- **Exercise**:
Everything from the line with "Изначально первое место" to the line with "发现火情,报警要早:第一时间" in the listing below, both lines included, needs to be copied exactly, apart from the pictures.

----- Records provided

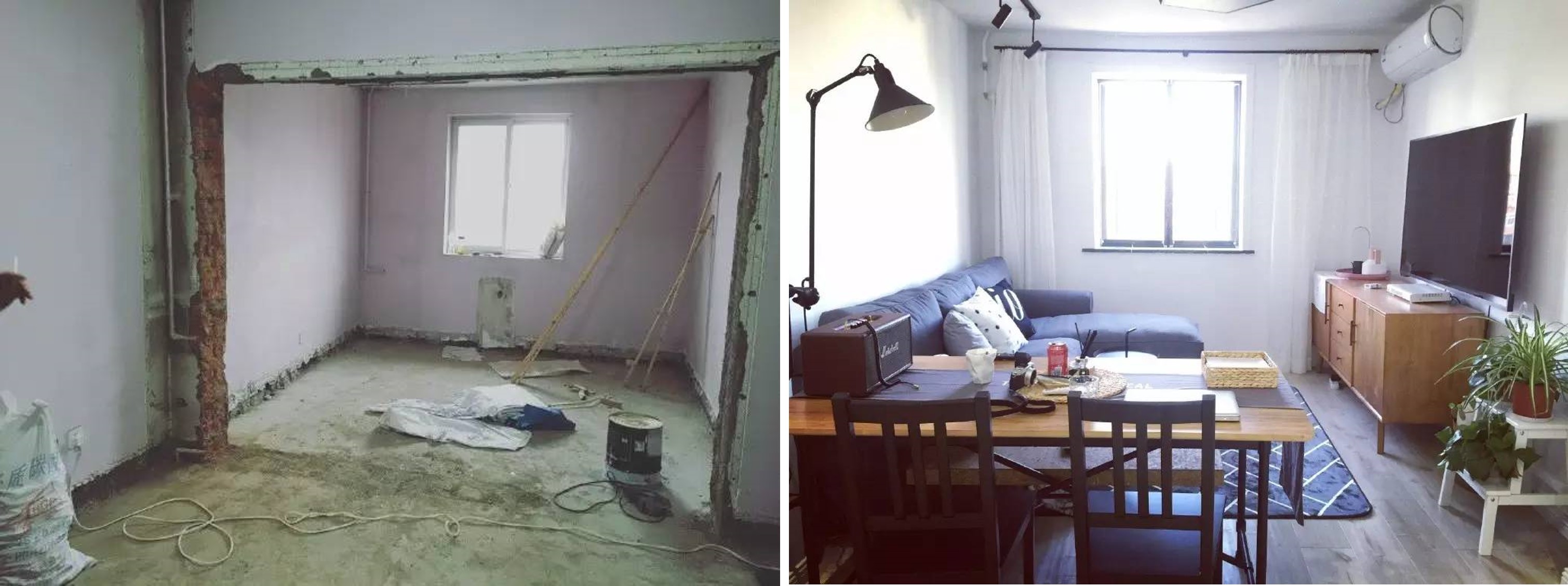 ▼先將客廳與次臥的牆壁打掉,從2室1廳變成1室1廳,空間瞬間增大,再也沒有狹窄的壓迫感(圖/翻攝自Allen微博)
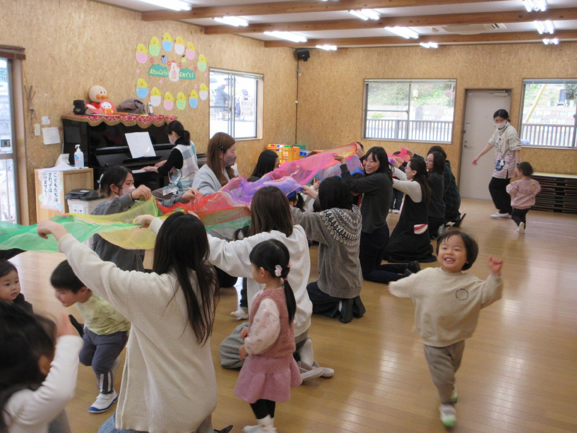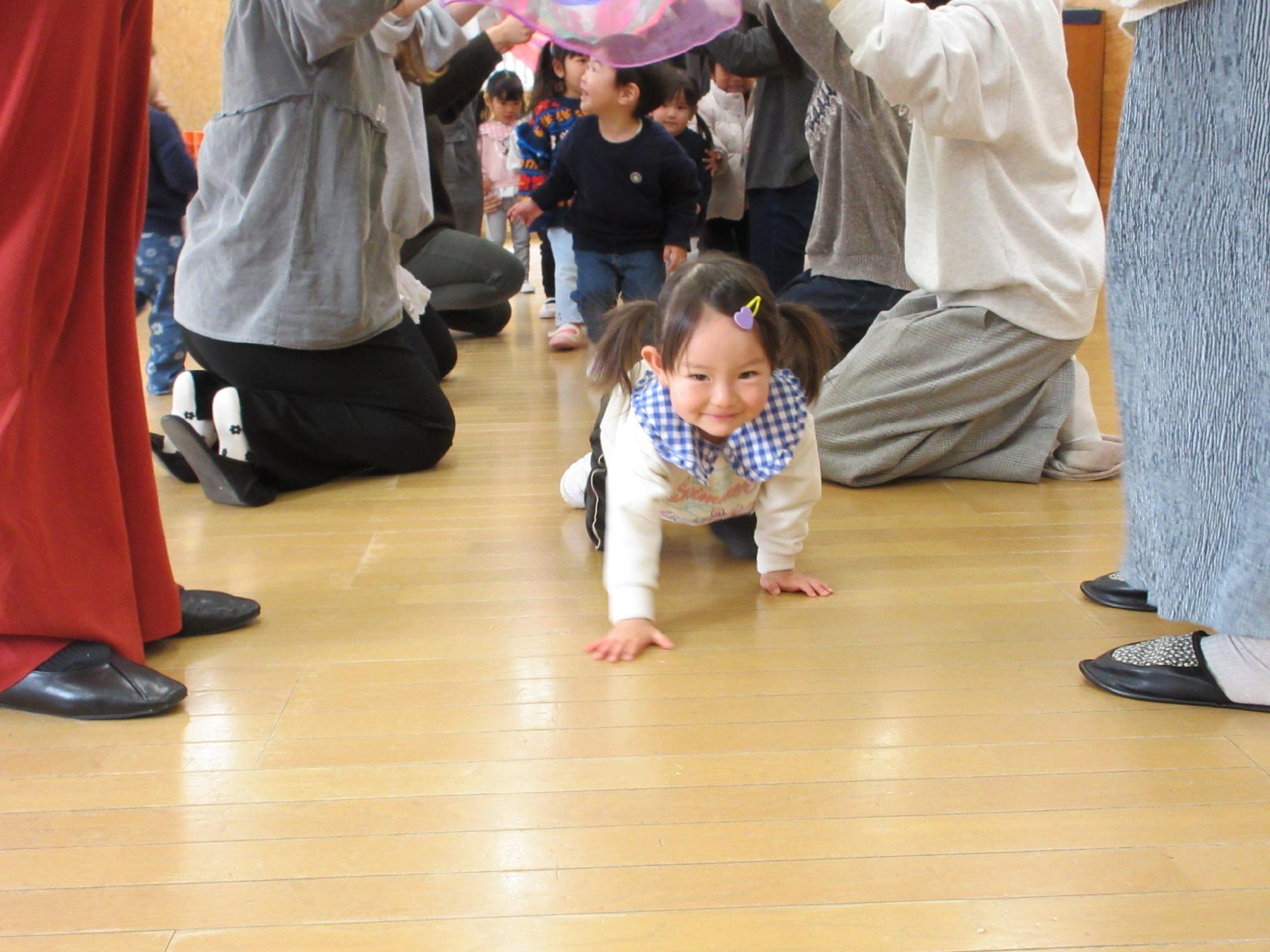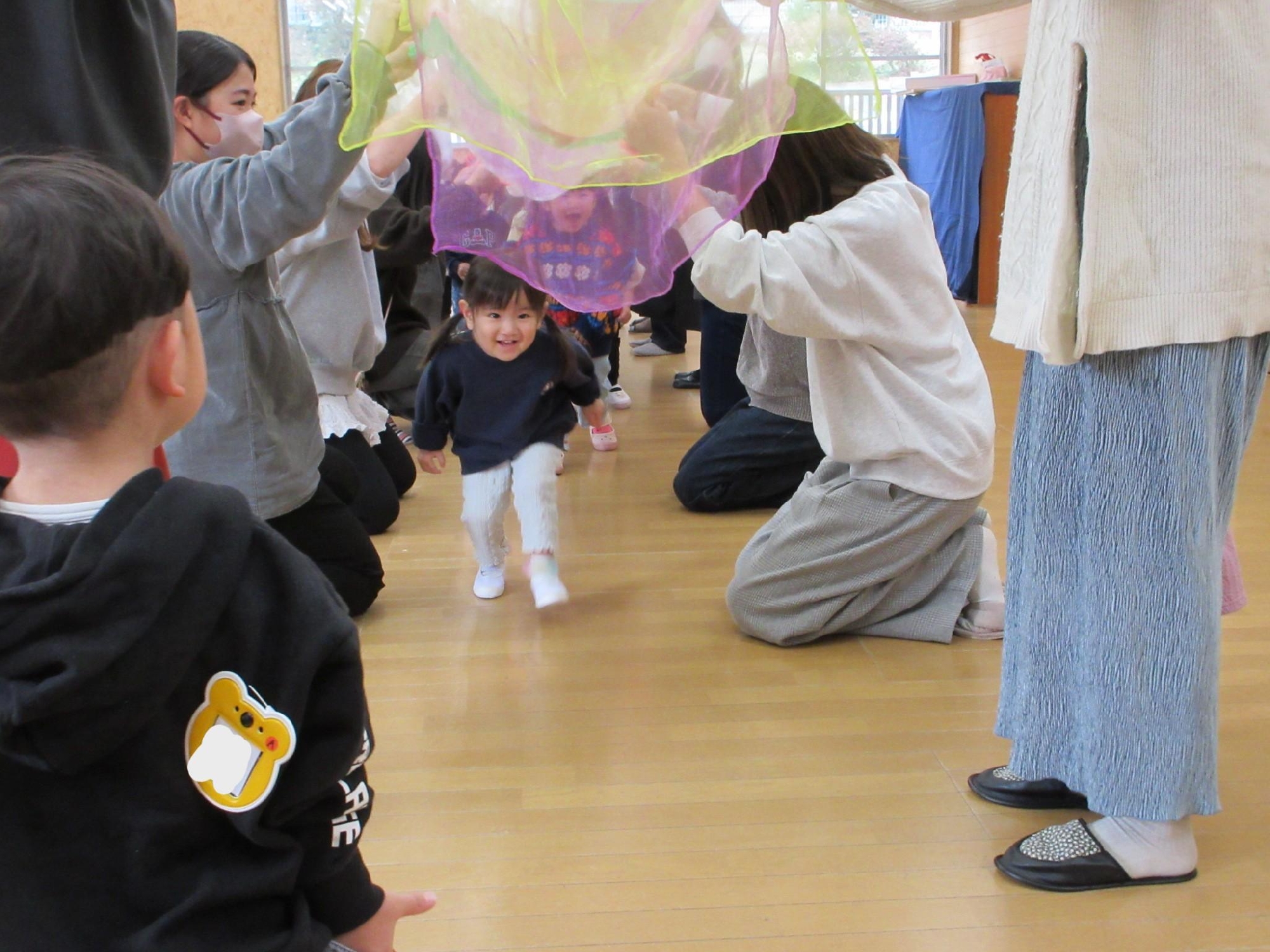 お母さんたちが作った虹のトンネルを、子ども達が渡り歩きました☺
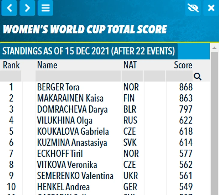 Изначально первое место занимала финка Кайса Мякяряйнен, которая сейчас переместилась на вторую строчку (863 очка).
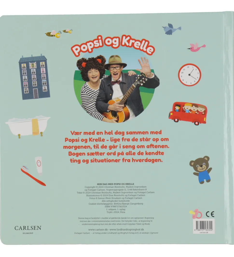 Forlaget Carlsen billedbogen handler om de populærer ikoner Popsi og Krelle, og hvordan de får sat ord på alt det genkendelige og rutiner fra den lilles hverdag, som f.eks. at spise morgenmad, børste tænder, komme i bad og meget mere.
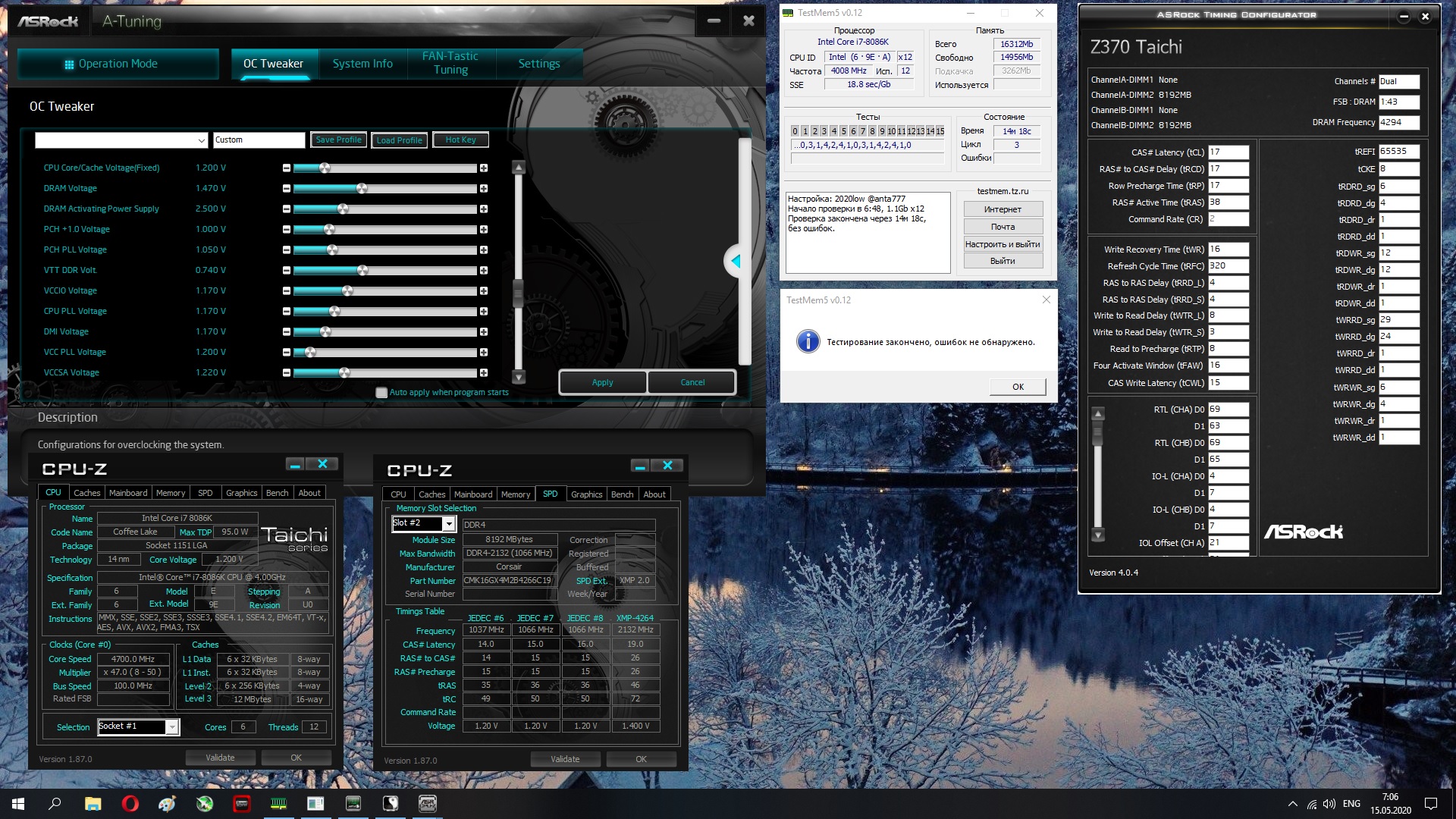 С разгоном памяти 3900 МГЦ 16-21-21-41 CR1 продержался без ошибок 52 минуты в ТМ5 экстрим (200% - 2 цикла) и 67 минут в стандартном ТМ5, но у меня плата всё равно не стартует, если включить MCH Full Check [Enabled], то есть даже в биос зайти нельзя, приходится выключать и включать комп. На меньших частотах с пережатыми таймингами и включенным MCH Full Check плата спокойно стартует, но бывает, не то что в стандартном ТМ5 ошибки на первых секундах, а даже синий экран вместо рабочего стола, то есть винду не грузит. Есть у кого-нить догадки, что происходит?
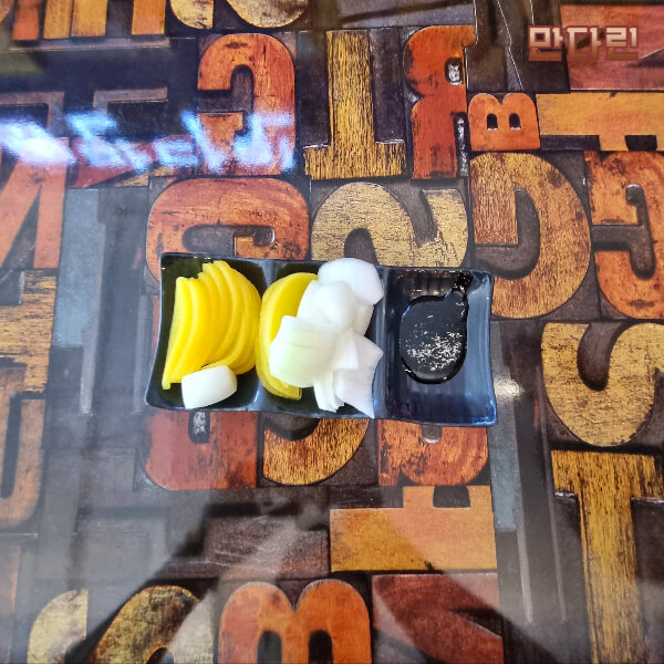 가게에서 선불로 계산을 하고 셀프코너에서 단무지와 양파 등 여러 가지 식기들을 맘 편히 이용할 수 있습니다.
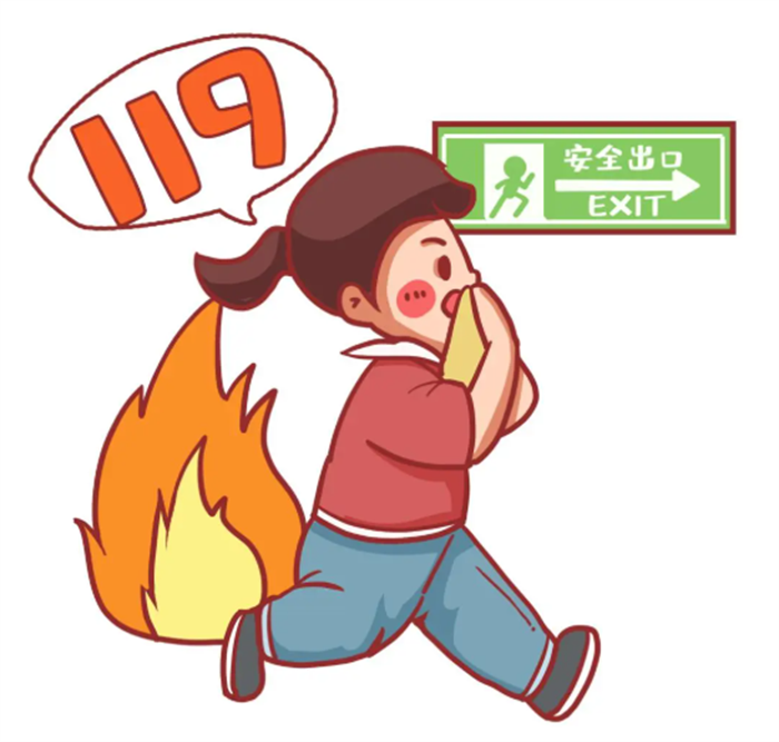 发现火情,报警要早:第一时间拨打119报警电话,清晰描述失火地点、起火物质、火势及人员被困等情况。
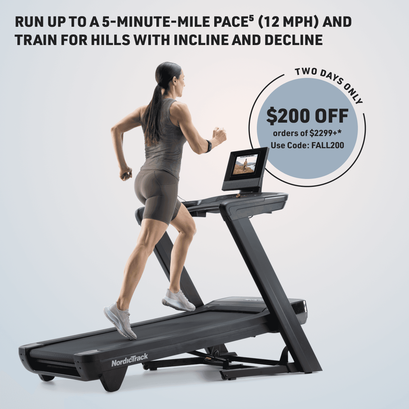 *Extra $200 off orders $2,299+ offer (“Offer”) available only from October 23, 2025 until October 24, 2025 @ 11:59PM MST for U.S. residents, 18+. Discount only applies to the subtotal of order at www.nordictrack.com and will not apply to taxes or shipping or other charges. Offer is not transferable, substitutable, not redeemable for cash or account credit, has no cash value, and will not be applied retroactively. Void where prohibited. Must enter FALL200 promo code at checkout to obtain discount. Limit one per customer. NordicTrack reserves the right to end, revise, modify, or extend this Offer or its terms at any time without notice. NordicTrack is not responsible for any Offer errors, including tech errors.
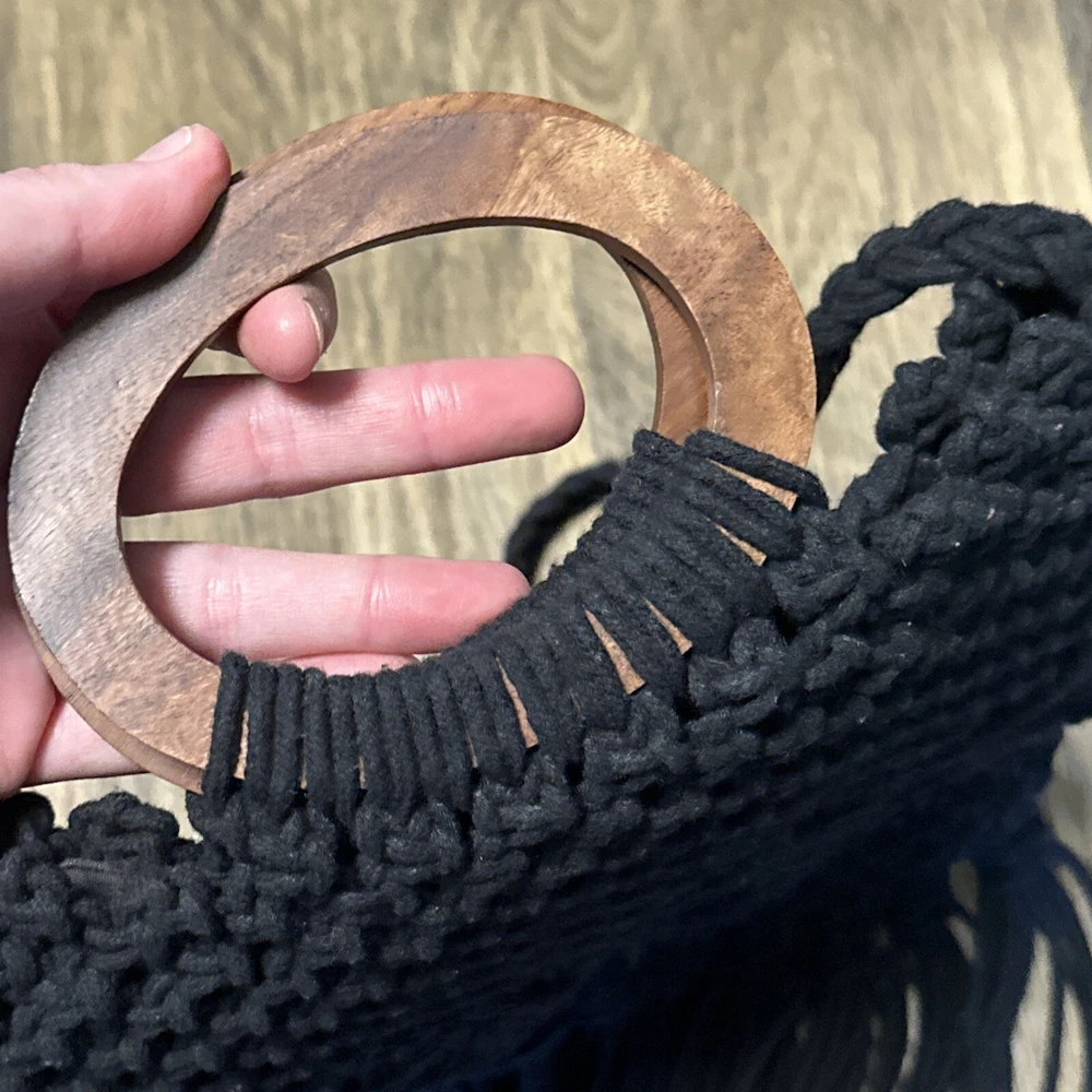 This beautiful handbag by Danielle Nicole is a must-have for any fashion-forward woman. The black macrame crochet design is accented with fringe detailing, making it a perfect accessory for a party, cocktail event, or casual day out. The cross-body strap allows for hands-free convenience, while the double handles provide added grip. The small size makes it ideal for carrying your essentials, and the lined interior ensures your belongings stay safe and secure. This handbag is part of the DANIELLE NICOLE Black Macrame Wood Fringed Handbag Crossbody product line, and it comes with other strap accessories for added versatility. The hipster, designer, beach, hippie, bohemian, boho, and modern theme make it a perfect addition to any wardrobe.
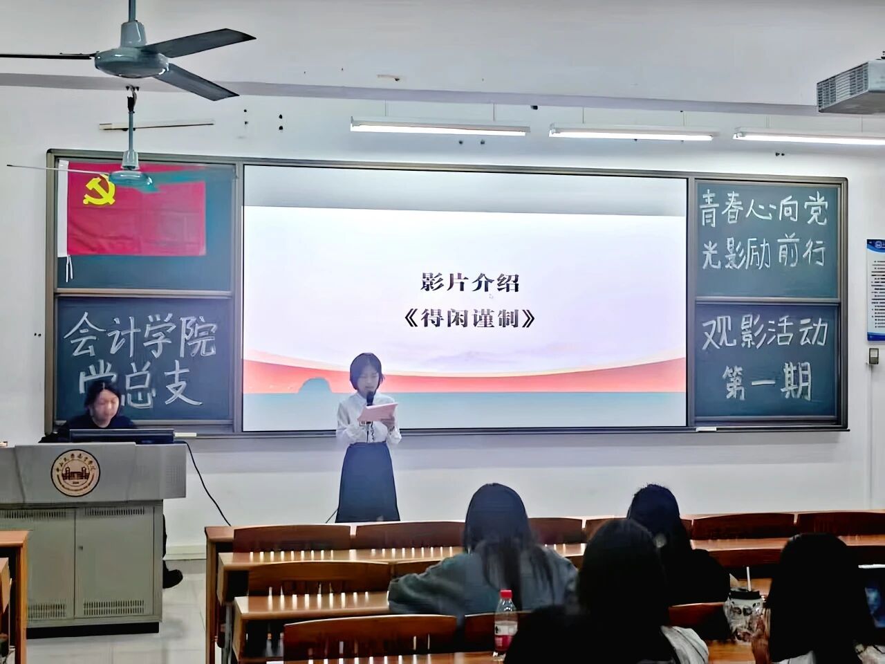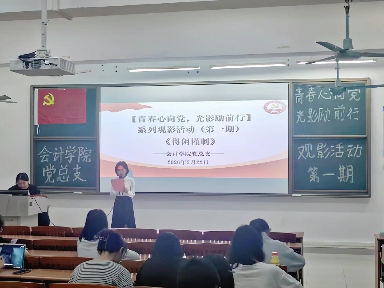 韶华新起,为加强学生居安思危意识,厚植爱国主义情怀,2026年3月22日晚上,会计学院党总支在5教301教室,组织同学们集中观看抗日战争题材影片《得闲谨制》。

----------

- **Completed task**:
 Изначально первое место занимала финка Кайса Мякяряйнен, которая сейчас переместилась на вторую строчку (863 очка).
 Forlaget Carlsen billedbogen handler om de populærer ikoner Popsi og Krelle, og hvordan de får sat ord på alt det genkendelige og rutiner fra den lilles hverdag, som f.eks. at spise morgenmad, børste tænder, komme i bad og meget mere.
 С разгоном памяти 3900 МГЦ 16-21-21-41 CR1 продержался без ошибок 52 минуты в ТМ5 экстрим (200% - 2 цикла) и 67 минут в стандартном ТМ5, но у меня плата всё равно не стартует, если включить MCH Full Check [Enabled], то есть даже в биос зайти нельзя, приходится выключать и включать комп. На меньших частотах с пережатыми таймингами и включенным MCH Full Check плата спокойно стартует, но бывает, не то что в стандартном ТМ5 ошибки на первых секундах, а даже синий экран вместо рабочего стола, то есть винду не грузит. Есть у кого-нить догадки, что происходит?
 가게에서 선불로 계산을 하고 셀프코너에서 단무지와 양파 등 여러 가지 식기들을 맘 편히 이용할 수 있습니다.
 发现火情,报警要早:第一时间拨打119报警电话,清晰描述失火地点、起火物质、火势及人员被困等情况。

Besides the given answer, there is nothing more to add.